A Dangerous Woman
1993, R, 102 min. Directed by Stephen Gyllenhaal. Starring Debra Winger, Barbara Hershey, Gabriel Byrne, Chloe Webb, Jan Hooks, David Strathairn, Laurie Metcalf.
REVIEWED By Marc Savlov, Fri., Dec. 3, 1993
Gyllenhaal's film feels like a lost Tennessee Williams play -- it's chock-full of repressed hostilities, illicit sex, mental impairment, alcohol and sprawling old houses. Martha Horgan (Winger) is a damaged woman, slightly impaired mentally, and living alone in the guest house of her Aunt Frances (Hershey) amongst the citrus orchards of Southern California. Frances is no stranger to pain herself, locked as she is in a one-way affair with a local politician. Into both their lives comes Mackey (Byrne), a nomadic handyman who shows up to rebuild the porch of their house, destroyed in the opening moments of the film by the politician's drunken, jealous wife (Metcalf, of TV's Roseanne). When Martha is fired from her job at a dry cleaners for a theft she didn't commit, she retreats back to the place she knows best, her tiny guest house with its sparse furnishings and homey, comfortable feel.
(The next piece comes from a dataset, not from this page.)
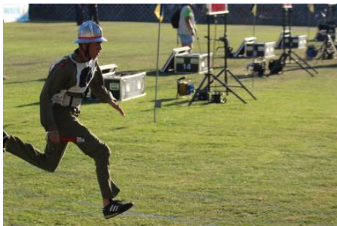
Staffellauf beim Firecup

Ab Jänner begannen wir zwei Mal pro Woche zu trainieren – mit speziellem Fokus auf den Ausbau der mentalen Stärke und der Konzentrationsfähigkeit. Auch hier galt es die letzten Prozent aus der Mannschaft herauszuholen. In diesem Sport ist es notwendig in den entscheidenden Momenten, unter Druck, voll fokussiert und konzentriert die Leistung zu erbringen. In den letzten Saisonen gelang uns das außerordentlich gut – es sollte sich auch heuer wieder als Schlüssel zum Erfolg herausstellen.

Mackey, meanwhile, spends his days fixing the porch and his nights getting drunk in local bars. One night, in a half-drunken stupor, he makes love to a willing, virginal Martha, who instantly falls for his bearish, unkempt charm. Aunt Frances is oblivious to this one-sided romance, plagued as she is with her own romantic problems. None of the three have any idea of the slowly mounting tragedy they are setting themselves up for, really, and by the end of the film, the walls have come down and the unspeakable has already occurred. A Dangerous Woman is an odd film -- half Southern Gothic, half silly melodrama -- that never manages to fall flat on its face despite numerous warning signs to the contrary. Much of the film's charismatic solidity comes from its three leads, who turn in excellent, finely nuanced performances with nary a flawamong them. Winger's Martha, in particular, is a triumph, managing to be simultaneously pathetic and amazingly courageous; she clings to the truth like a drowning swimmer in a hurricane. The deceit and lies that surround her every day are no match for her childlike inner strength. Both Winger and Hershey have previously been called “thinking men's beauties” (or things to that effect), and it's easy to see why: both women exude passionate intellect like pheromones. If Gyllenhaal's film seems a bit melodramatic at points, a bit overwrought, it's a fairly easy sin to absolve in the face of the sheer talent before you.